As permitted by Nevada law, the Registrant’s Bylaws authorize the Registrant to advance expenses (including attorneys’ fees) incurred by a director or officer in defending any civil, criminal, administrative or investigative action, suit or proceeding in advance of the final disposition of the action or proceeding upon receipt of an undertaking by or on behalf of the director or officer to repay the amount if it is ultimately determined by a court of competent jurisdiction that the director or officer is not entitled to be indemnified by the Registrant.
Indemnification, unless ordered by a court pursuant to Section 78.7502 of the NRS or for the advancement of expenses as described above, may not be made to or on behalf of any director or officer if a final adjudication establishes that the director’s or officer’s acts or omissions involved intentional misconduct, fraud or a knowing violation of the law and was material to the cause of action.
The Registrant is authorized under Nevada law to purchase and maintain insurance or make other financial arrangements on behalf of any person who is or was a director, officer, employee or agent of the Registrant, or is or was serving at the request of the Registrant as a director, officer, employee or agent of another corporation, partnership, joint venture, trust or other enterprise, for any liability asserted against him or her and liability and expenses incurred by him or her in his or her capacity as a director, officer, employee or agent, or arising out of his or her status as such, whether or not the Registrant has the authority to indemnify him or her against such liability and expenses.
Insofar as indemnification for liabilities under the Securities Act may be permitted to the Registrant’s directors, officers or controlling persons pursuant to the foregoing provisions, the Registrant has been informed that in the opinion of the SEC such indemnification is against public policy as expressed in the Securities Act and is therefore unenforceable.
Item 7. | Exemption from Registration Claimed. |
Not applicable.
Item 8. | Exhibits. |
*Filed herewith
Item 9. | Undertakings. |
(a) | The undersigned registrant hereby undertakes: |
(1) To file, during any period in which offers or sales are being made, a post-effective amendment to this Registration Statement:
(i) To include any prospectus required by Section 10(a)(3) of the Securities Act;
(ii) To reflect in the prospectus any facts or events arising after the effective date of the Registration Statement (or the most recent post-effective amendment thereof) which, individually or in the aggregate, represent a fundamental change in the information set forth in the Registration Statement.
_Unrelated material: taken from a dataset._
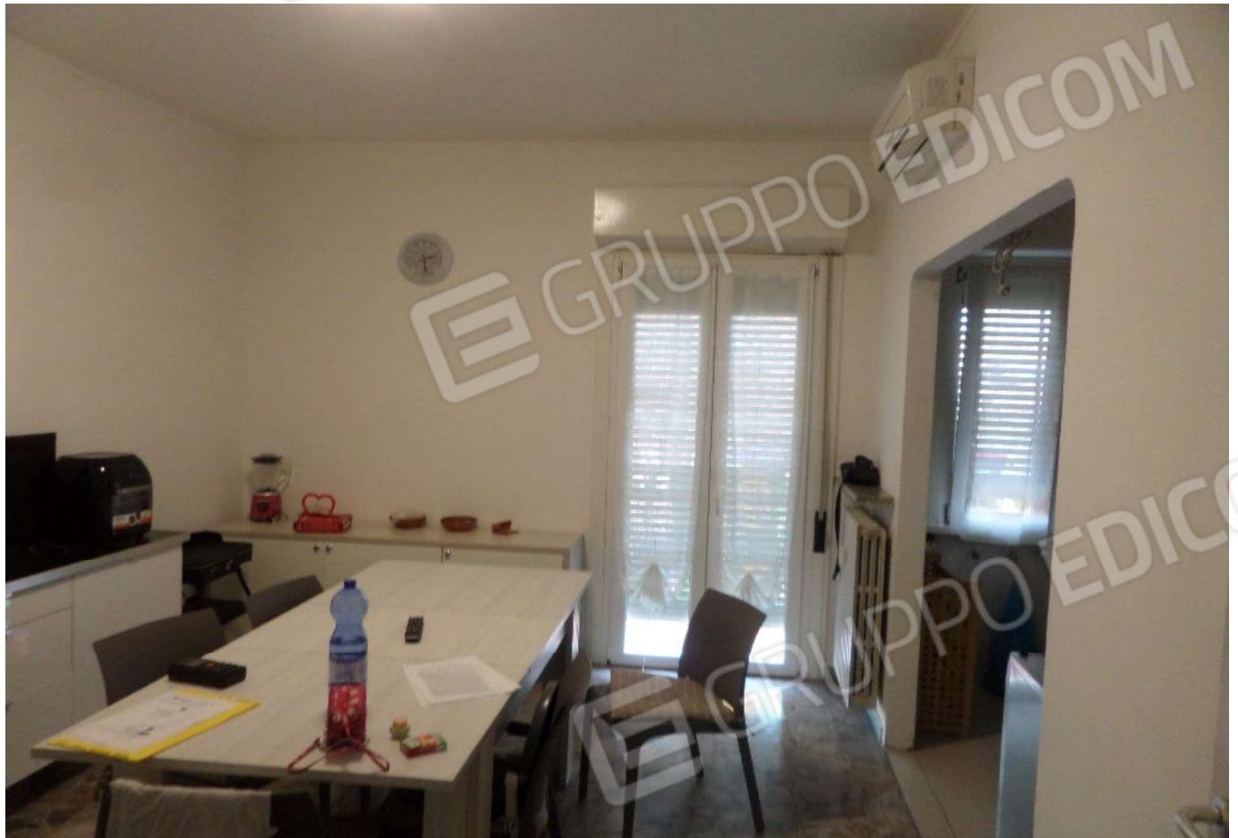
Foto n. 9 - appartamento Vista del tinello e del cucinino Foto n. 10 - appartamento

Notwithstanding the foregoing, any increase or decrease in volume of securities offered (if the total dollar value of securities offered would not exceed that which was registered) and any deviation from the low or high end of the estimated maximum offering range may be reflected in the form of prospectus filed with the Commission pursuant to Rule 424(b) if, in the aggregate, the changes in volume and price represent no more than a 20 percent change in the maximum aggregate offering price set forth in the “Calculation of Registration Fee” table in the effective Registration Statement; and
(iii) To include any material information with respect to the plan of distribution not previously disclosed in the Registration Statement or any material change to such information in the Registration Statement;
Provided, however, that paragraphs (a)(1)(i) and (a)(1)(ii) above do not apply if the information required to be included in a post-effective amendment by those paragraphs is contained in reports filed with or furnished to the Commission by the registrant pursuant to Section 13 or Section 15(d) of the Exchange Act that are incorporated by reference in the Registration Statement.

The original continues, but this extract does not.